[AVAILABLE DATA — start]
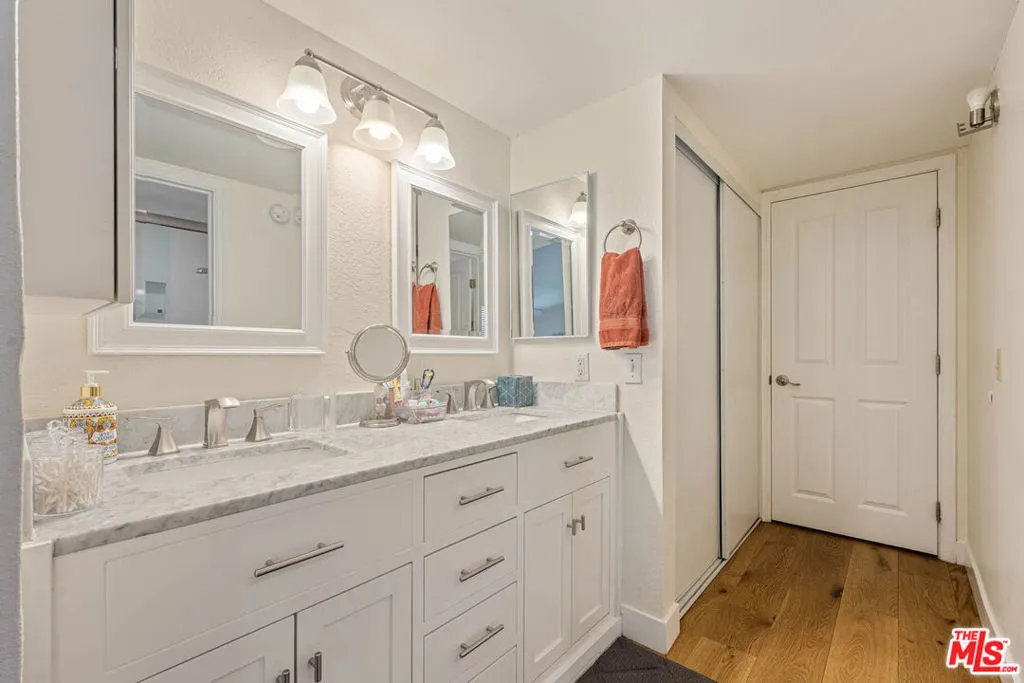 Rare 3 Bedroom 2.5 Bath condo opportunity just outside of the desirable Beverlywood HOA! This lovely unit in an amenity-filled building has it all, starting with a spacious Living Room that features a gas fireplace for extra charm, and leads you to the patio that spans from the Living Room down to the Dining Room, both of which have sliding doors, making outdoor access easy. The home's kitchen features stainless steel appliances, granite counters and plenty of storage! The Primary Bedroom features two closets and a Primary Bathroom with double vanity sinks. The 2 Secondary Bedrooms share the convenient hall Bathroom. The unit additionally features new hardwood floors, electric car charger, a powder room and extra closets, where buyer can install their own Washer/Dryer. Amenities in the building include pool, sauna exercise room, library, meeting room, secure garage and Earthquake Insurance. Just down the road from the wonderful shops, cafes, grocery stores and shops of Beverly Drive, yet 1 block from the quiet Beverlywood neighborhood, this conveniently located unit is not one to miss! Call/text/email LA1 for showings.
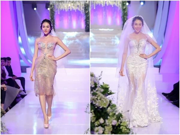 Các thí sinh bước qua thử thách sải bước catwalk trong những bộ trang phục váy cưới với 2 phần trang phục váy ngắn và dài, giám khảo là 30 vị khách mời đặc biệt.
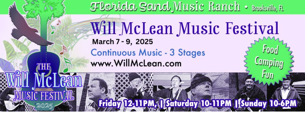 The Will McLean Music Festival was first held at the headsprings of the Rainbow river in 1990 just a few months after Will's passing. The Festival, now a 3 day multi-stage event held in March, features performances, workshops, open mics, dances and jams. Our “Young Performer Showcases” have become a festival favorite for many fans as they watch these youngsters grow every year with more skill and confidence.
[AVAILABLE DATA — finish]
• DIRECTIONS:
From the line containing "Các thí sinh" through the last line of the material above, write out each line exactly, leaving aside all pictures.

• SOLUTION:
 Các thí sinh bước qua thử thách sải bước catwalk trong những bộ trang phục váy cưới với 2 phần trang phục váy ngắn và dài, giám khảo là 30 vị khách mời đặc biệt.
 The Will McLean Music Festival was first held at the headsprings of the Rainbow river in 1990 just a few months after Will's passing. The Festival, now a 3 day multi-stage event held in March, features performances, workshops, open mics, dances and jams. Our “Young Performer Showcases” have become a festival favorite for many fans as they watch these youngsters grow every year with more skill and confidence.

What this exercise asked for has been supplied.